*What you have to do:* Please transcribe the data below in full, word for word, without the images.

*Data:*

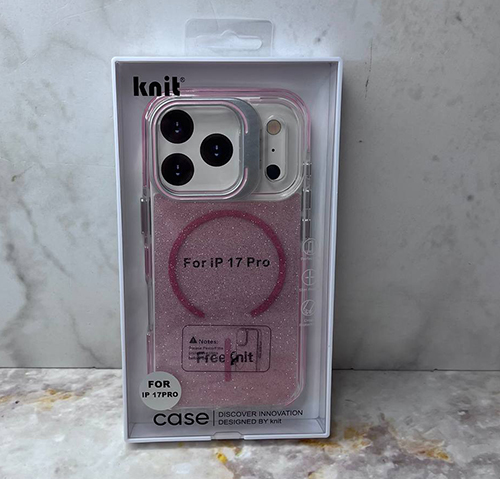 Задняя крышка Iphone 16 Pro Max KNIT камера-подставка, прозрачная с блестками и MagSafe, розовая
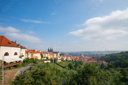 Fototapeta premium Prague, Czech Republic - September 26, 2023 - View of the Prague skyline while climbing Petrin Tower.
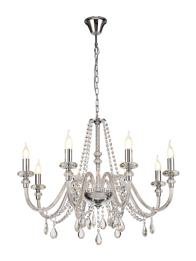 Hawley Chandelier Pendant, 8 Light E14, Polished Chrome/Clear Glass/Crystal, (ITEM REQUIRES CONSTRUCTION/CONNECTION)
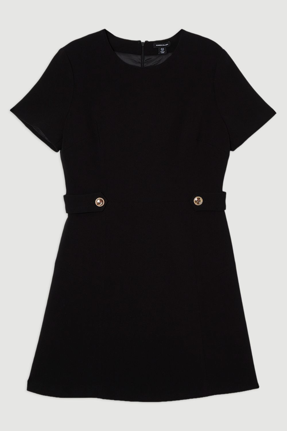 This Karen Millen tailored mini dress combines sophisticated design with everyday wearability. The distinctive waist tab detailing adds architectural interest to the clean silhouette, whilst the stretch-enhanced fabric ensures comfort without compromising on structure. Its understated elegance makes it perfect for those occasions when you want to look polished without appearing overdressed. The mini length showcases the legs whilst the modest neckline maintains a balanced, sophisticated look that transitions effortlessly from day to evening. Distinctive waist tab detailing with button accents Clean collarless neckline Short sleeves Compact stretch fabric Tailored mini length with subtle A-line shape Product Details & Care Main: 62% polyester, 31% viscose, 7% elastane. Machine wash. Model wears UK8/US4. Model height 5"9. Length approx: 90cm
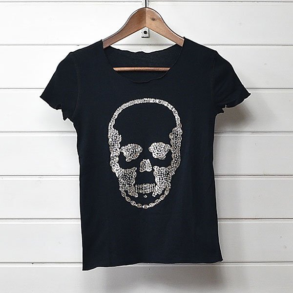 - lucien pellat-finet ルシアン ペラフィネ カットソー ラインストーン ドクロ Tシャツ ブラック 半袖 XS|25c2562
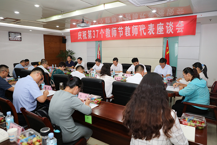 9月9日下午,学校在新图书馆九楼会议室召开庆祝第37个教师节教师代表座谈会。校党委书记蒋德勤,党委副书记、校长李震,党委委员、副校长黄远友,党委委员、纪委书记、监察专员王强,党委委员、副校长黄友锐,党委委员、副校长李升和出席座谈会,来自全校各MILAN.COM的18名教师代表参加座谈会。党委(校长)办公室、教务处、科研处、党委教师工作部(人事处)、财务处、后勤保障部负责同志列席会议。座谈会由李震主持。

*Written reply:*
 Задняя крышка Iphone 16 Pro Max KNIT камера-подставка, прозрачная с блестками и MagSafe, розовая
 Fototapeta premium Prague, Czech Republic - September 26, 2023 - View of the Prague skyline while climbing Petrin Tower.
 Hawley Chandelier Pendant, 8 Light E14, Polished Chrome/Clear Glass/Crystal, (ITEM REQUIRES CONSTRUCTION/CONNECTION)
 This Karen Millen tailored mini dress combines sophisticated design with everyday wearability. The distinctive waist tab detailing adds architectural interest to the clean silhouette, whilst the stretch-enhanced fabric ensures comfort without compromising on structure. Its understated elegance makes it perfect for those occasions when you want to look polished without appearing overdressed. The mini length showcases the legs whilst the modest neckline maintains a balanced, sophisticated look that transitions effortlessly from day to evening. Distinctive waist tab detailing with button accents Clean collarless neckline Short sleeves Compact stretch fabric Tailored mini length with subtle A-line shape Product Details & Care Main: 62% polyester, 31% viscose, 7% elastane. Machine wash. Model wears UK8/US4. Model height 5"9. Length approx: 90cm
 - lucien pellat-finet ルシアン ペラフィネ カットソー ラインストーン ドクロ Tシャツ ブラック 半袖 XS|25c2562
 9月9日下午,学校在新图书馆九楼会议室召开庆祝第37个教师节教师代表座谈会。校党委书记蒋德勤,党委副书记、校长李震,党委委员、副校长黄远友,党委委员、纪委书记、监察专员王强,党委委员、副校长黄友锐,党委委员、副校长李升和出席座谈会,来自全校各MILAN.COM的18名教师代表参加座谈会。党委(校长)办公室、教务处、科研处、党委教师工作部(人事处)、财务处、后勤保障部负责同志列席会议。座谈会由李震主持。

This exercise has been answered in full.